Charleston, South Carolina – This week’s Everyday Hero tells the story of a brave 13-year-old Summerville boy fighting cancer for the second time, and how his mother wants to improve every child’s hospital stay.
A family suffering cancer, yet one woman still finds it in her heart and makes time to serve others in a unique way.
Rachel Kolar and her son Reece enjoy spending time together outside. Reece is 13 years old now, but Rachel saw changes in her son seven years ago.

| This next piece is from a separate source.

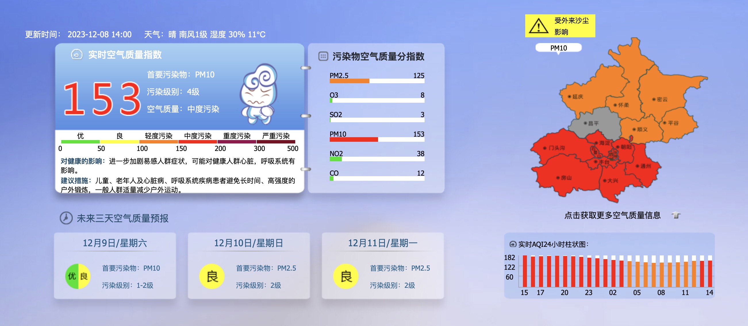 新京报讯 据北京市生态环境监测中心官网消息,截至12月8日14时,北京市空气质量指数为153,污染级别为4级,已达中度污染标准。目前空气中的首要污染物为PM10。

“He was a healthy child, 5 years old, 6 years old, and suddenly he started getting sick more often,” Rachel informed me.
“I was able to go to kindergarten, but in first grade is when it started happening more frequently and a lot more symptoms started coming,” Reece says.
After multiple examinations, this family’s worst nightmare came true. Reece had brain cancer. He quickly underwent surgery to remove the tumour, but complications ensued, and Reece had to relearn how to walk and communicate.
This resulted in two years of treatment at MUSC and 56 weeks of intensive radiation followed by chemotherapy at a Florida facility.
“I took frequent naps a lot because of how the treatments were making me feel,” Reece told me.
Reece rang the doorbell in June 2019, and everything was OK until
“A biopsy was scheduled for January of 2025, and regrettably, it revealed his cancer had returned. So we started chemotherapy again in February 2025. There isn’t much hope when cancer returns. “It’s try everything because every child is worth a life,” Rachel told me.
So, while the Kolars remain positive and Reece continues to fight, his patience is clearly running out.
“It’s been long enough,” Reece remarked. “I just want to be done with it.”
Rachel noticed something was lacking after the family had spent the better part of 7 years in a hospital room.
That’s when Rachel learnt about “Once Upon A Room,” a non-profit that decorates hospital rooms for sick children across the country but not locally.
It’s all volunteer-run, and Rachel is working to raise the $10,000 needed to establish a branch in Charleston.
“I’m just hoping that our community will see the work that goes into each room and how special it makes each child feel and how important that is to their recovery,” Rachel told me.
And, take it from Reece, his room was important; it was decorated like his favourite program at the time, “Stranger Things.”
Rachel also hopes that the Charleston chapter of “Once Upon a Room” will go up on October 17.
“When your room is in more of a positive atmosphere, you’ll have a more positive mood to get out sooner,” Reece told me.
“I want to be able to bring hope and joy, and I want to take the sterile atmosphere of the hospital out so the child can get better,” Rachel told me.
She says she hopes to complete seven or eight rooms that day.